Federal prosecutors charged Jewell last month with one count of conspiracy to violate the Labor Management Relations Act for receiving more than $40,000 worth of travel, lodging and meals from people acting on behalf of Fiat Chrysler Automobiles from at least 2014 to 2016.
Jewell pleaded guilty to the charge on Tuesday in U.S. District Court in Detroit. He will be sentenced Aug. 5.
"I own the fact that we did not apportion costs appropriately and that's why I'm standing here today," Jewell said during the hearing.
He faces a maximum sentence of five years, but the agreed guideline range is 12-18 months. The maximum fine is $250,000 and a maximum supervised release would be three years.
"We're hoping for probation," said Jewell's attorney, Michael P. Manley (no relation to current FCA CEO Michael M. Manley). "I think that's a fair sentence, but, obviously, that will be up to the judge. We're going to work very hard on that."
The UAW released a statement on Tuesday following the plea.
"As his plea makes evident today, Norwood Jewell exhibited poor judgment," the statement said. "This is a troubling moment for our organization, and our members are appropriately angry and frustrated.
"Our members will always be our highest authority, and so we pledge to continue to change the way that we do business. Our Clean Slate reforms are being implemented, and will be expanded. These reforms will make sure that transparency and accountability are at the forefront, and will bring this chapter to a close, once and for all."
Federal officials, in a statement after the guilty plea, signaled that they will continue the investigation.
“Mr. Jewell chose to forsake his obligation to serve the rank and file of the UAW when he accepted and authorized his subordinates to spend in excess of $40,000 in FCA funds on lavish meals, liquor, and entertainment," said Irene Lindow, acting special agent-in-charge for the Chicago Region of the U.S. Department of Labor Office of Inspector General.
"We will continue to work with our law enforcement partners to investigate those who facilitate illegal payments to union officials entrusted to negotiate on behalf of union members."
U.S. Attorney Matthew Schneider added: "Today’s conviction of a UAW Vice President demonstrates that our efforts to clean up labor corruption will not rest until the 400,000 UAW members and their families are represented by union officials of honor and integrity. Labor leaders must always put the best interests of the hard working men and women of the union over their own personal interests."
Policies under review
It's union policy to pay legal fees for current and former officials if it involves union business, according to UAW spokesman Brian Rothenberg. The payments, he said, ceased once Jewell indicated he would plead guilty.
The policies for paying such legal fees are under review, according to Rothenberg.
"We're reviewing and making policy changes throughout this process and we do have more reforms to come," he told Automotive News. "The payments stopped as soon as he said he was pleading guilty."

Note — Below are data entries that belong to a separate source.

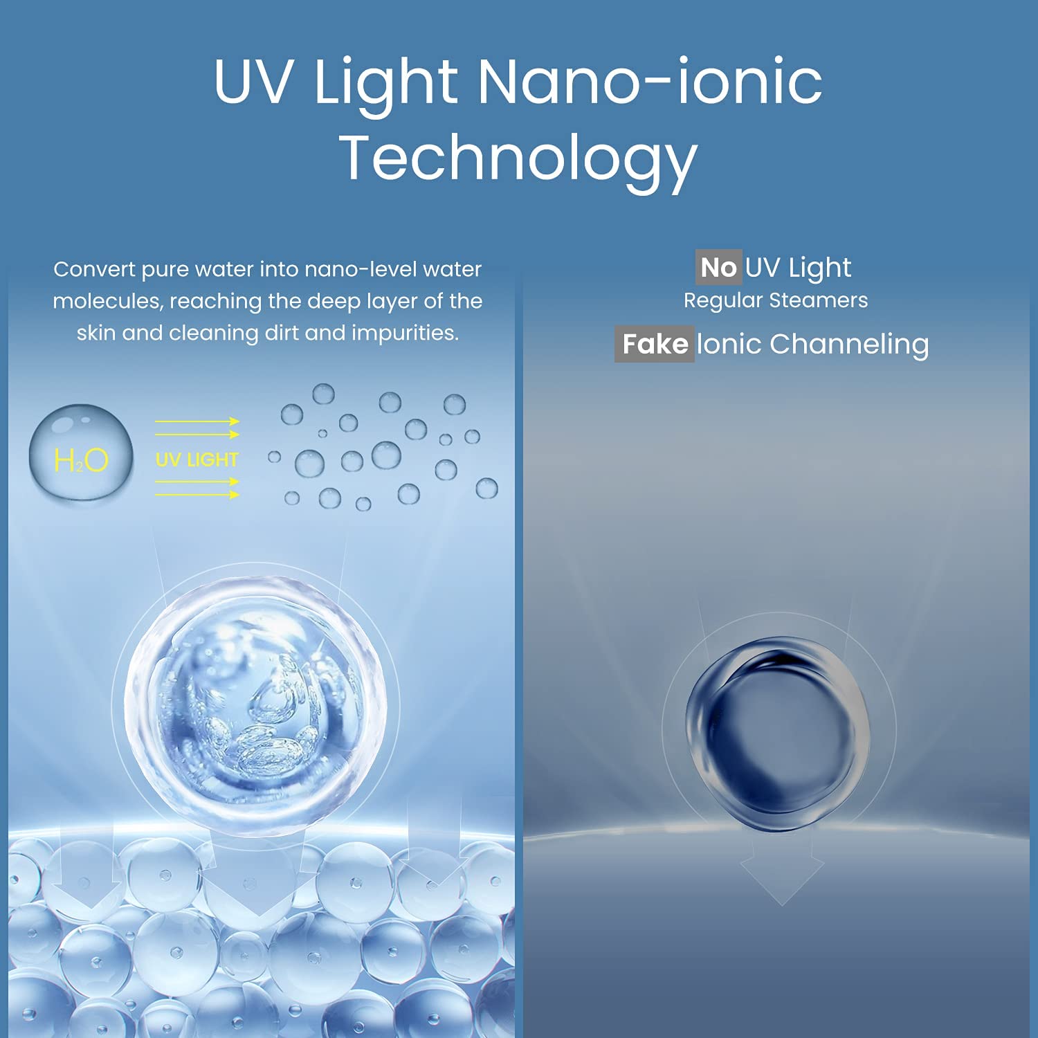 - Nano-Ionic Steam Purify Light --- A new nano-ionic facial steamer is equipped with a purify light inside, which can convert 100% pure water into nano-sized water molecules, reach your skin with purest and most effective condition. Help you clean the dirt and impurities of your skin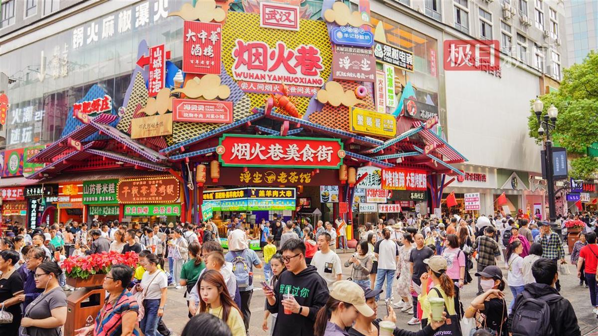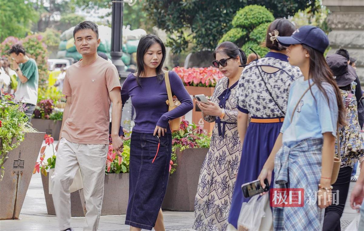 在江汉路1600多米长的步行街上,来自全国各地的游客在此逛街、购物、品尝美食,享受在百年商业老街里的假日惬意时光。据悉,国庆假期首日就有41.3万人次、最高峰时每小时达到3.6万人次逛繁华的江汉路步行街。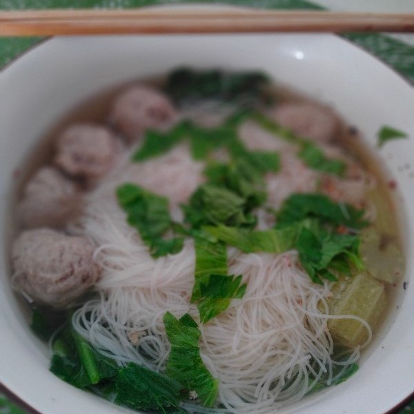 ต้มน้ำเพิ่มความหอม แล้วลวกหมี่กับลูกคะน้าใส่ชาม ตักน้ำต้มหอมๆราดลงไป ใส่ลูกชิ้นที่เราทำเอง ใส่ใบขึ้นช่ายสักหน่อย โรยกระเทียมเจียวนิด โอ้โฮ บะหมี่ลูกเนื้อน้ำใส อร่อยมากกกก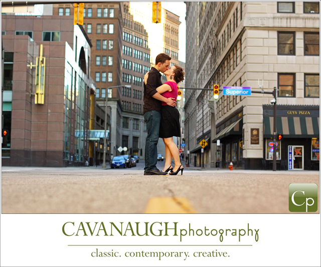 I took this photo of Danielle and Ken during their engagement session in Downtown Cleveland. After having to reschedule once due to rain we were so glad to have perfect weather Wednesday evening for their shoot. Danielle and Ken were adventurous enough to let me take this photo of them standing in the middle of the street, Then again, I was sitting in the middle of the street. Not wise, but so worth it! :)
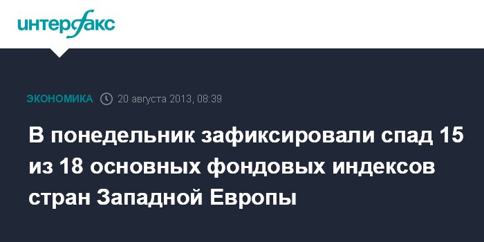 В понедельник зафиксировали спад 15 из 18 основных фондовых индексов стран Западной Европы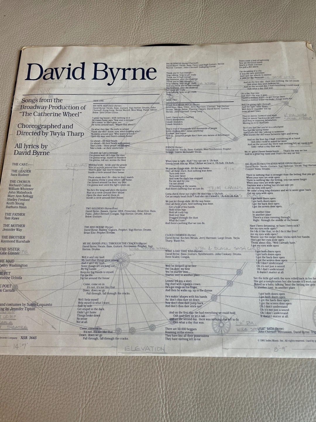 Selling a vinyl record of David Byrne's "The Catherine Wheel" Songs from the Broadway Production of "The Catherine Wheel" Choreographed and Directed by Twyla Tharp. Great condition!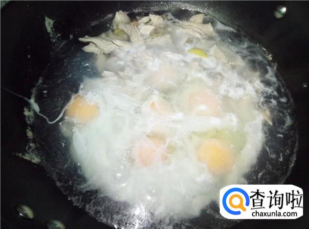 鸡蛋煮熟后,加入适量的盐和鸡精,即可装碗,撒上少许葱花,美味的瘦肉鸡汤汤就做好了。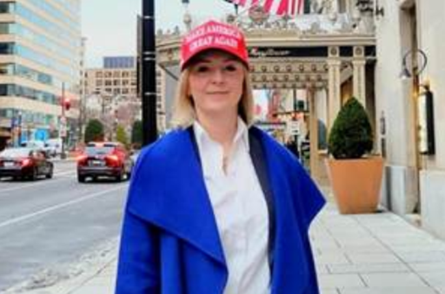 리즈 트러스는 트럼프 취임식 때 착용한 MAGA 모자를 쓰고 있었다.
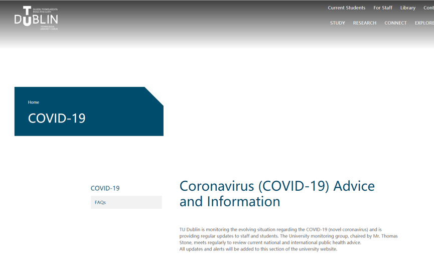 爱尔兰都柏林理工大学疫情防控信息发布平台

The payments were detailed in the union's annual filing to the U.S. Department of Labor. Jewell, according to the report, received $219,495 from the UAW in 2018, including $1,844 in salary and $217,651 for "official business" disbursements, which the UAW confirmed were legal fees.
It's unknown how much the union has paid to cover legal fees for other officials as part of the investigation, which stemmed from the misuse of jointly operated training center funds.
Jewell is the seventh person -- three from FCA US and four associated with the union -- to be charged in connection to a multiyear investigation.
Despite not being charged until last month, Jewell had been a target of federal prosecutors for some time, which could explain the attorney fees. Federal officials, as first reported by Automotive News, raided his home in late 2017.
The compensation for Jewell last year made him the fifth-highest compensated official in the UAW, according to the filing. He only trailed President Gary Jones ($260,243), Secretary-Treasurer Raymond Curry ($222,663), Vice President Terry Dittes ($235,873) and UAW Region 5 Director Vance Pearson ($222,672).
UAW delegates last year approved 31 percent salary increases for the union's international leaders, but the highest-paid officials each received tens of thousands of dollars in compensation for "official business." It's unclear what those payment entailed and whether or not they also included legal fees related to the federal investigation.